Because a relatively small etcd data store can support a large and busy Kubernetes cluster, etcd nodes don’t require a large amount of memory. Etcd stores its entire data store in memory—including an index of keys—so the amount of memory used increases as the size of the data store grows. Etcd documentation recommends up to 64 GB of memory in each node, depending on the size of the data store.

Memory requirements are also influenced by the size and activity level of the Kubernetes cluster. Etcd uses memory for caching query results and for serving watches, which allow etcd clients—such as the Kubernetes API server—to track changes in the state of the cluster. Memory usage increases as the number of watch clients increases, such as when controllers are added to the Kubernetes cluster.

Manage the size of your etcd data store

The amount of data stored by etcd increases as your Kubernetes cluster grows to comprise more objects and as the history of each object incorporates a record of each change. But etcd enforces a limit on how large its data store can grow. The storage limit is configurable—its default is 2 GiB, and etcd recommends storing no more than 8 GiB. If the data store grows beyond the configured limit, etcd becomes read-only, which prevents Kubernetes from adding or updating objects. To ensure the health and performance of your growing Kubernetes cluster, you must manage the size of your etcd data store to avoid breaching the storage limit.

Etcd provides some automated maintenance operations that prevent the data store from growing faster than necessary. And there are manual steps and configuration options you can use to manage etcd’s growth. In this section, we’ll describe etcd’s compaction and defragmentation operations, which allow you to prevent the data store from growing faster than necessary. We’ll explain how you can remove old event data and optimize your pod specs to use less space. And we’ll look at increasing your etcd storage quota.

Compact etcd to prune old data

Recall that etcd uses MVCC to store each revision of each object, so when it writes a new version—for example, when you apply a new label to a pod—etcd retains the data that represents the previous revision of the object.
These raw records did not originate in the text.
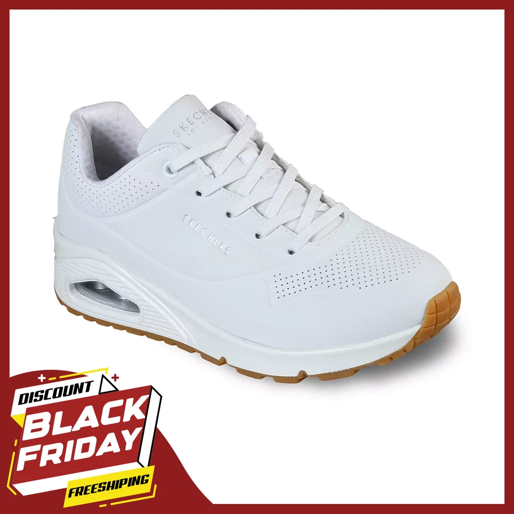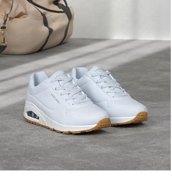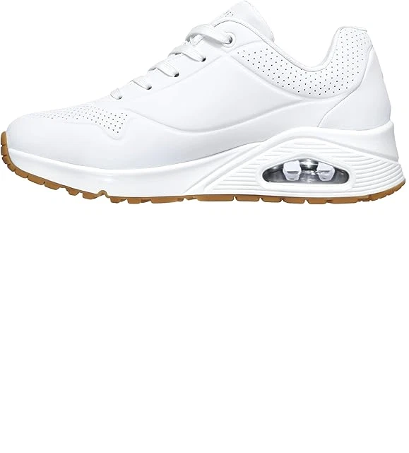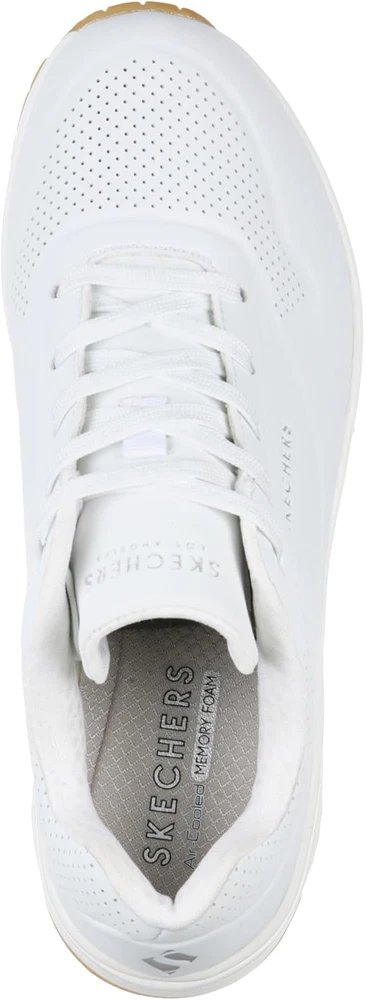 Classic air cushioned style meets updated comfort in these Skechers Street Uno sneakers. SHOE FEATURES Smooth leather-textured synthetic upper in a lace up classic fashion sneaker with stitching and perforation accents Classic style midsole with embossed texture detail Midsole with visible air cushioned shock absorbing heel pad Air Cooled Memory Foam insole SHOE CONSTRUCTION Faux leather upper Polyester lining Rubber outsole SHOE DETAILS Lace-up closure Foam footbed 1.50-in. heel height Spot clean
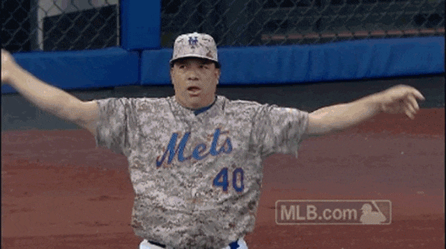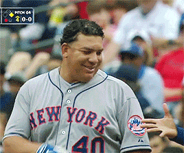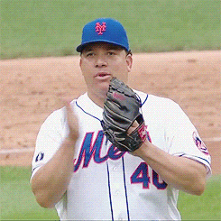 The "Big Sexy," as Mets Pitcher Bartolo Colon is affectionately known, is one of the most beloved players in baseball. As the oldest player currently in Major League Baseball at age 42, Colon is a baseball icon. He's also one of the most gif-able players in the game, and that's one of the reasons why we love him. Commissioner Manfred, according to MLB.com, cited his on-field antics for defense of the NL's lack of a designated hitter because it would "deprive us of the entertainment that Bartolo Colon has given us."
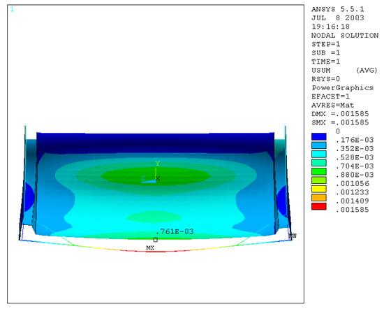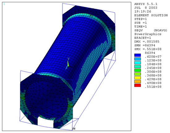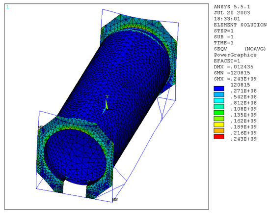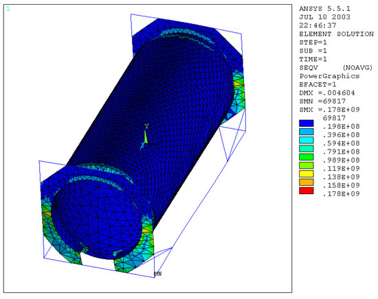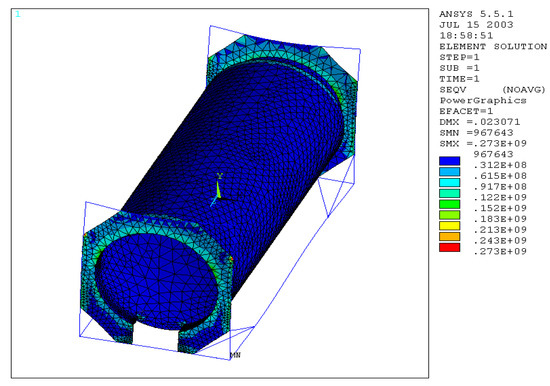 Reducing the thickness of the plate and the skirt by 5 mm, we obtain that the value of the maximum equivalent stress increases up to a value of 0.218 × 109 N/m2 (Figure 21), as well as the normal and bending stress.

Recent revisions can be useful for cluster administration or troubleshooting, but older revisions can become unnecessary as they age, adding to the size of the data store without providing any value.

Etcd’s compaction operation removes old revisions, based either on an object’s age or on the number of newer revisions in the data store. The kube-apiserver automatically prompts etcd to perform compaction every five minutes by default, and you can also run it manually. Compaction reclaims the storage space that had been occupied by the outdated revisions, making it available for etcd to use for new data. Compaction is a preventive measure, without which etcd would experience degraded performance and eventually run out of space.

Compaction helps check etcd’s growth by removing old revisions, but you should maintain sufficient history to troubleshoot your Kubernetes cluster or perform routine administration tasks such as rolling back a problematic deployment to a previous version.

You can adjust your deployments’ revisionHistoryLimit field to influence how much historical data is kept in etcd. By default, Kubernetes stores 10 revisions of each deployment, but if you can safely reduce the amount of deployment history, you can optimize the size of your etcd data store by reducing this number.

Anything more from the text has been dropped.